Because the South would naturally take little or no casualties themselves in victory despite Lee's tendencies of having Pyricc ones when he won at all.
 
Grant wanted to be standing inside the city limits of Richmond, having utterly destroyed Lee's army. He had accomplished neither.

But this is getting a bit off-topic.

He wanted to eventually do that and would have taken it at the time if he got it but he didn't expect to get Richmond in one big gulp. In football a team doesn't fail if it doesn't make a touchdown on 1st and 10, 5 or 6 yards is a success. Getting Richmond was his ultimate goal and he would have taken it if he could but any progress towards that goal was a success. He progressed towards his goal so it was a success. For him the bigger long term goal was to destroy Lee's army and he accomplished part of that as well. Lee lost poportionately more men than Grant.
 
How are they supposed to win in 1863?

Maybe they can't. But they're not going to have a chance in 1864.

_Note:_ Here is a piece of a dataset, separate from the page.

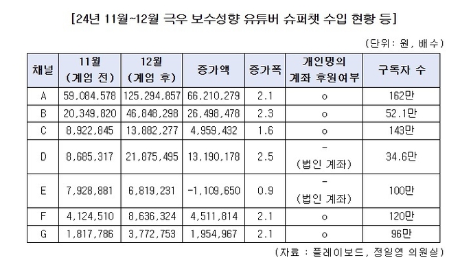 정일영 의원에 따르면 작년 11월 기준 극우·보수성향 유튜버 슈퍼챗 수입 순위 상위 7개 채널 중 6개 채널에서 12.3 비상계엄이 발생한 12월의 슈퍼챗 수익이 전월과 비교해 평균 2.1배 늘어났다.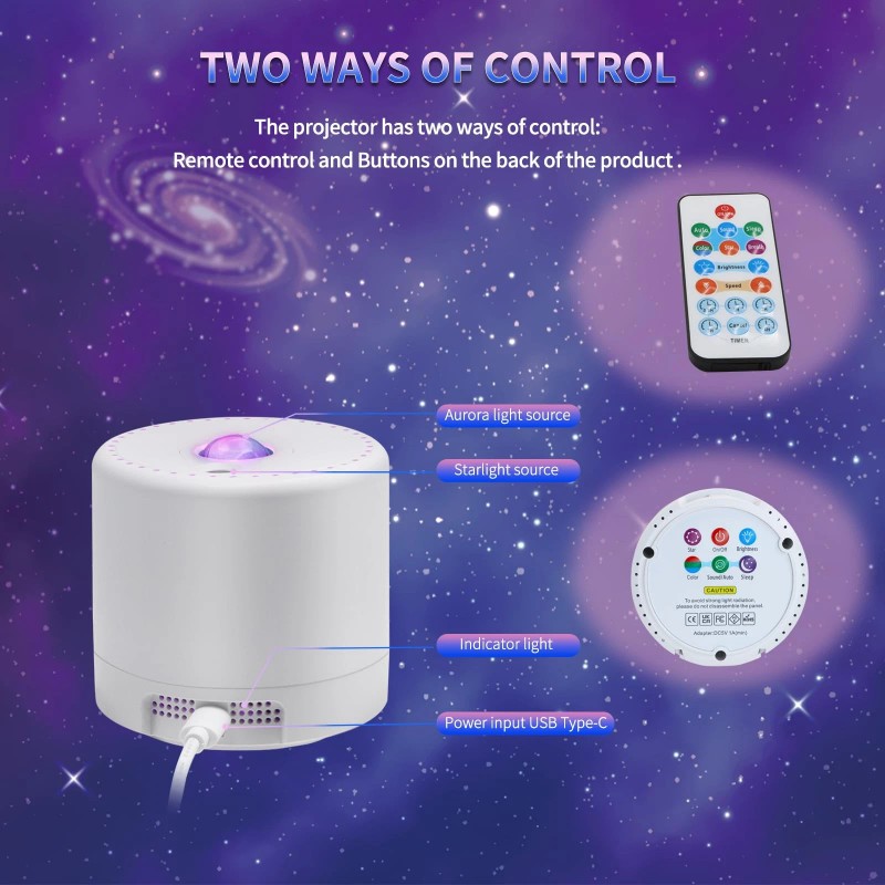 - Star Night Light ProjectorProjector has two ways of control: buttons on the back of the product and remote control. When you want to quickly adjust and control the product, the back button turns the power on and off, and adjusts the color of the light, the selection of stars and nebulae, and the sleep mode function on.

There's no presidential election that year, so unless Lincoln just abdicates, there's no way to force the issue

It's hard to imagine any new President taking office with the intention of going down in history as "The President Who Lost the Civil War." That seems to be against human nature. What would he do for an encore? Publicly castrate himself? Assuming McLellan wins, he's got minimum two, maybe three years, before he would be willing to throw in the towel and accept history's humiliation and national disgrace. The Confederacy has no chance to last that long.


unless you think the Confederacy can just conquer the North outright.

Nope.

They have to make it to Spring 1865 without a major Union army in the Confederate interior,

I'm not going to say ASB.

But....


whereupon the Union will be running out of money, most of their best men's enlistments will have expired, and there could be an armistice that makes mediation possible.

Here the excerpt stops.